People are being castigated and fired for a single, ill-advised comment they made years ago, no matter how much they’ve changed and regretted those words.
Professors are being terminated for opinions and peer-reviewed research that don’t fit the narrative, even at institutions that boldly tout their “academic freedom.”
Editors are being replaced for publishing controversial op-eds by elected officials, in spite of their paper's long and proud history of publishing unpopular (and often wrongheaded) opinions.
Coaches and athletes are being outed for politically incorrect statements, sometimes by members of one minority who then turn around and slander another minority.
The cries that accompany these accusations is not, “I disagree," or "Please correct them.” That would be understandable. Instead, it’s, “Expose them, silence them, shame them, and shun them.” For some reason, people who have long felt the weight of injustice are making the mistake of unjustly punishing the people they resent. Which makes them an awful lot like the people they resent.
Like a cancer that turns against the body’s own cells, a program of retribution eventually destroys the whole organism.
Correction, not Cancellation
We need a correction culture. No argument there. It’s important to have these kinds of discussions and seek reform. It’s healthy to point out widespread abuses and biases and seek change. It’s not inappropriate to protest and replace leaders who are willfully, stubbornly perpetuating the problems — or to replace flags or statues that symbolize them. Societies are always in a process of deciding what, and what not, to celebrate. Shouldn't be a big deal. A correction culture allows for all of that.
But we're also seeing an insidious, reactive movement to have every person who has ever said or done anything wrong shamed, shunned, and removed from a position of influence — or even just a regular, uninfluential position. That makes the unfortunate statement that this person has not changed and never will and is therefore unforgivable and irredeemable.

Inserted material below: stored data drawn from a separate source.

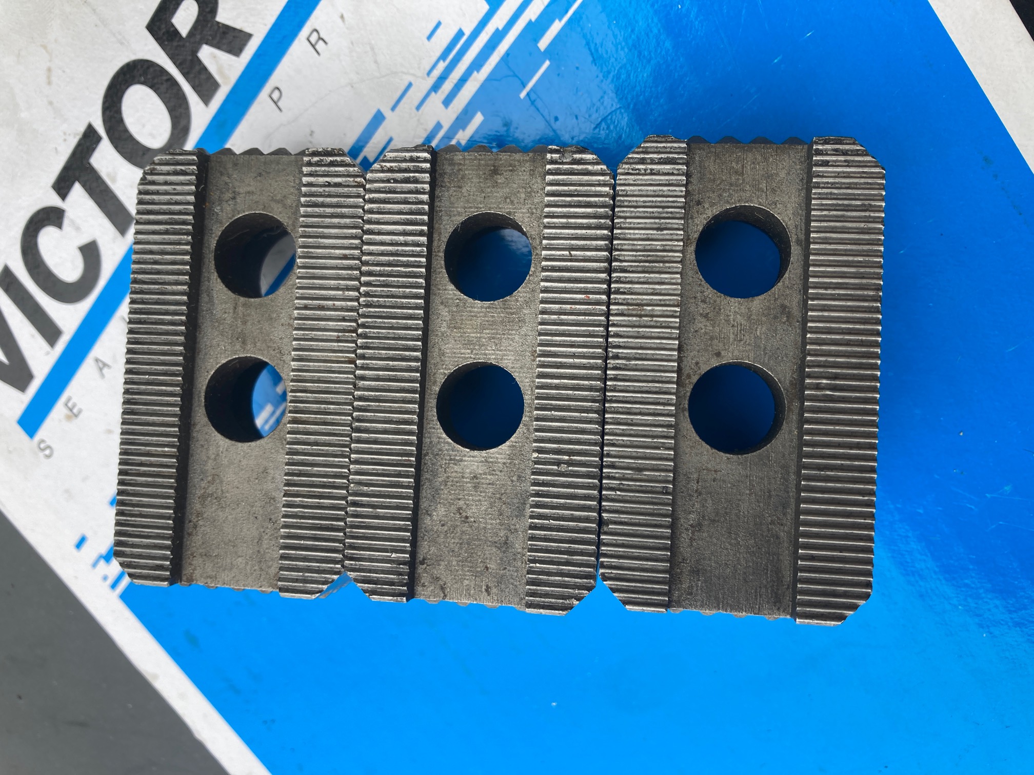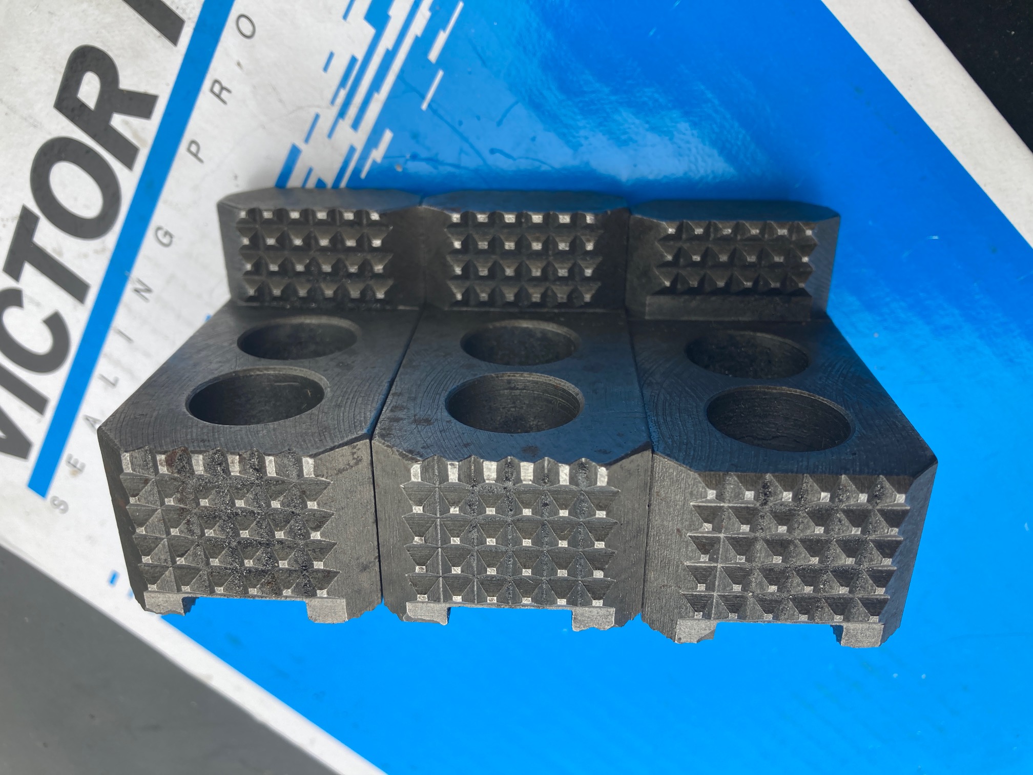 Nabízím sadu tvrdých čelistí s drážkováním 1/16". Rozměry a stav jsou patrné z fotek. Cena za sadu tří kusů 4 tis. K prodeji mám dvě sady.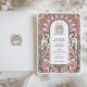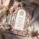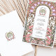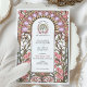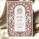 This enchanting Art Nouveau-inspired wedding invitation showcases a delicate arrangement of soft pink flowers and pastel lilac accents, framed by flowing lines and intricate organic details. The sophisticated design embodies the timeless elegance of the Art Nouveau movement, with its harmonious colour palette of pinks, greens, and creamy beige. Perfect for romantic, vintage, or garden-themed weddings, this customisable invitation exudes charm and refinement, offering a unique and artistic touch to your special day.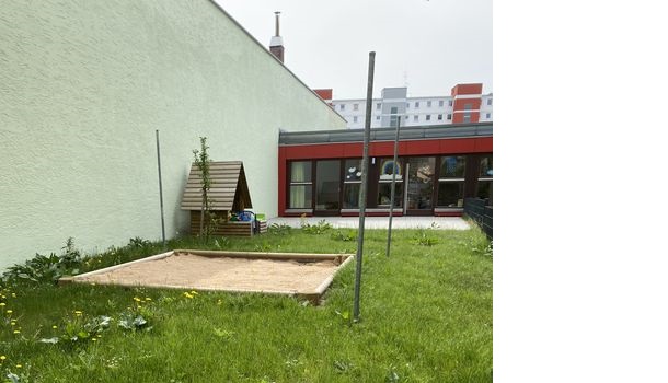 Die Krippengruppe verfügt über einen eigenen Außenbereich mit großem Sandkasten, Nestschaukel, Häuschen usw.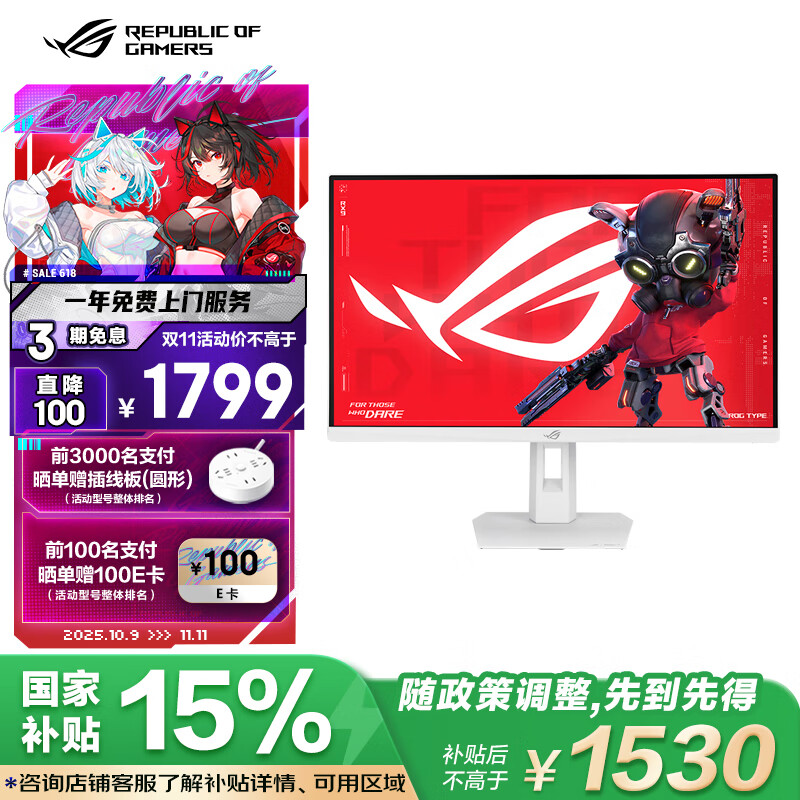 华硕(ASUS)ROG XG27ACMES-W 27英寸显示器2K240Hz电竞显示器超频255Hz HDR400 G-Sync 0.3ms响应 HDMI 2.1

From a generally human perspective, that’s unsustainable. It majors on the flaws of select people and misses the ones inside every human heart. It separates society into “us” and “them,” which is essentially the root of the problem.
From a biblical, authentically Christian perspective, that violates the law of love. We are called to cover people's shame, not to humiliate them; to heal people, not to open up the wounds and make them deeper; and to seek reconciliation, not cut off the offenders. Love covers a multitude of sins (1 Peter 4:8). It’s patient and kind and keeps no record of wrongs (1 Cor. 13:5). We are to restore transgessors in a spirit of gentleness and humility (Gal. 6:1) and speak the truth in love (Eph. 4:15), not in vengeance.
You don’t win people over by getting them fired or casting them outside of the society you want to create. That magnifies resentments and perpetuates the friction. You win people over by showing them a better way and even insisting on it when necessary.
That’s what a correction culture does. A cancel culture just eats away its insides one bite at a time.
What Goes Around . . .
In fact, this is how the terror phase of the French Revolution played out. In the end, Robespierre was undone by his own policies. His vision of an ideal society conflicted with other people’s vision of an ideal society, and he became a casualty of the same tactics he had imposed. The man who led social purges was purged by the fall of a guillotine’s blade.
That’s the problem with a cancel culture. It presents an ideal and purges everyone who doesn’t live up to it. And since no one perfectly lives up to it, anyone can eventually be purged.
That never leads to the justice we seek. It’s an unending process that keeps creating more victims. None of history’s inquisitions has turned out well.
Justice is a biblical value, and it’s high time we pursue it with passion. But not by simply flipping the script. It’s accomplished by vigorous defense of the oppressed, firm but patient correction of oppressors, and a new vision for transforming lives — all of them — with a touch of humanity and heavy doses of divine wisdom, power, and love.